I believe that {0} and {6} have been added to dataset value for that column is unknown. So, we will moving forward with this consideration in mind


#### 3.0.2.b Categorical data check

In [None]:
# Now lets check the categorical columns
category={}
def consistency_check_cat():
    for i in categorical_col:
        category[i]=azdias[i].dropna().unique()
    return category
consistency_check_cat()

**NOTE :** - Upon checking with documentation, 
- EINGEFUEGT_AM - drop for now as when one hot coding will create lot of columns
- D19_LETZTER_KAUF_BRANCHE - is refering to other columns will drop for now as when one hot coding will create lot of columns
- CAMEO_DEUG_2015 should not have 'X', we need to replace with 0 as unknown
- CAMEO_INTL_2015 should not have 'XX, we need to replace with 0 as unknown
- CAMEO_DEU_2015 should not have 'XX', we need to replace with 0 as unknown

In [None]:
azdias=azdias.drop('D19_LETZTER_KAUF_BRANCHE',axis=1)
customers=customers.drop('D19_LETZTER_KAUF_BRANCHE',axis=1)

azdias=azdias.drop('EINGEFUEGT_AM',axis=1)
customers=customers.drop('EINGEFUEGT_AM',axis=1)

In [None]:
azdias[['CAMEO_DEUG_2015','CAMEO_INTL_2015','CAMEO_DEU_2015']]=azdias[['CAMEO_DEUG_2015','CAMEO_INTL_2015','CAMEO_DEU_2015']].replace(['X','XX'],-1)
azdias[['CAMEO_DEUG_2015','CAMEO_INTL_2015']]=azdias[['CAMEO_DEUG_2015','CAMEO_INTL_2015']].apply(pd.to_numeric)

customers[['CAMEO_DEUG_2015','CAMEO_INTL_2015','CAMEO_DEU_2015']]=customers[['CAMEO_DEUG_2015','CAMEO_INTL_2015','CAMEO_DEU_2015']].replace(['X','XX'],-1)
customers[['CAMEO_DEUG_2015','CAMEO_INTL_2015']]=customers[['CAMEO_DEUG_2015','CAMEO_INTL_2015']].apply(pd.to_numeric)


## 3.1 Data uniformity

*Also having 0,-1 both to represent unknown can cause ambiguity.

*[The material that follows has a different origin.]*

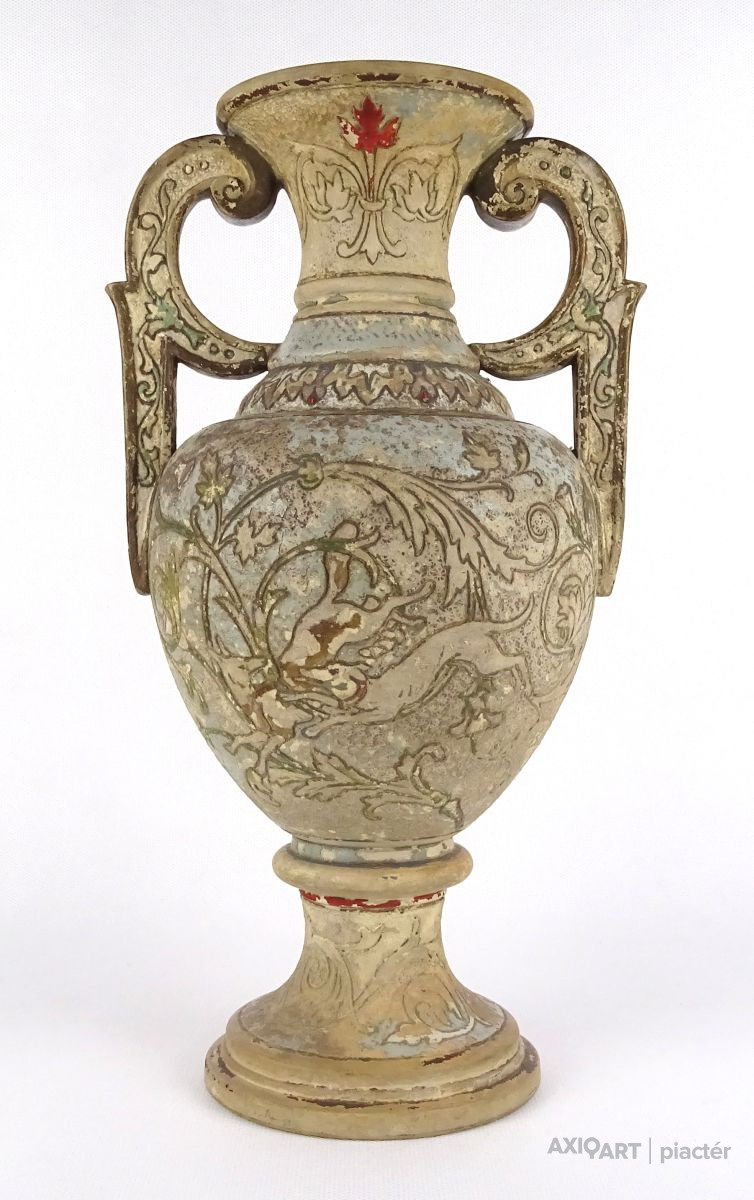 Bernard Bloch : Antik vadászjelenetes terrakotta váza 31 cm XIX. század

We should work on this issue by replacing 0 with -1 in the column*

#### Unknown is represented as (-1,0) or (-1,9) in the dataset. 
*Also having 0,-1 both to represent unknown can cause ambiguity. We should work on this issue by replacing 0 with -1 in the column*

- We should have only one either of [-1 or 0] in a column to have consistency.
- We should have only one either of [-1 or 9] in a column to have consistency. 

Handling this condition

In [None]:
ambiguity_10=list(set(list(dias_df[dias_df['Value']=='-1, 0']['Attribute'])).intersection(set(azdias.columns)))
ambiguity_90=list(set(list(dias_df[dias_df['Value']=='-1, 9']['Attribute'])).intersection(set(azdias.columns)))

In [None]:
print(ambiguity_10)
print(ambiguity_90)

In [None]:
azdias[ambiguity_10]=azdias[ambiguity_10].replace(0,-1)
azdias[ambiguity_90]=azdias[ambiguity_90].replace(9,-1)

customers[ambiguity_10]=customers[ambiguity_10].replace(0,-1)
customers[ambiguity_90]=customers[ambiguity_90].replace(9,-1)


## 3.2 Handling Missing values

### 3.2.1 Droping data where more than 95% of data missing

#### Rows

In [None]:
# removing rows having retension percentage less than 94%
new_azdias=azdias[azdias.isnull().sum(axis=1)<=20]

new_customers=customers[customers.isnull().sum(axis=1)<=20]

#### Columns

In [None]:
#droping columns which have more than 90 % of missing data
#drop_cols=missing_values['column'][:4]
new_azdias=new_azdias.drop(drop_cols,axis=1)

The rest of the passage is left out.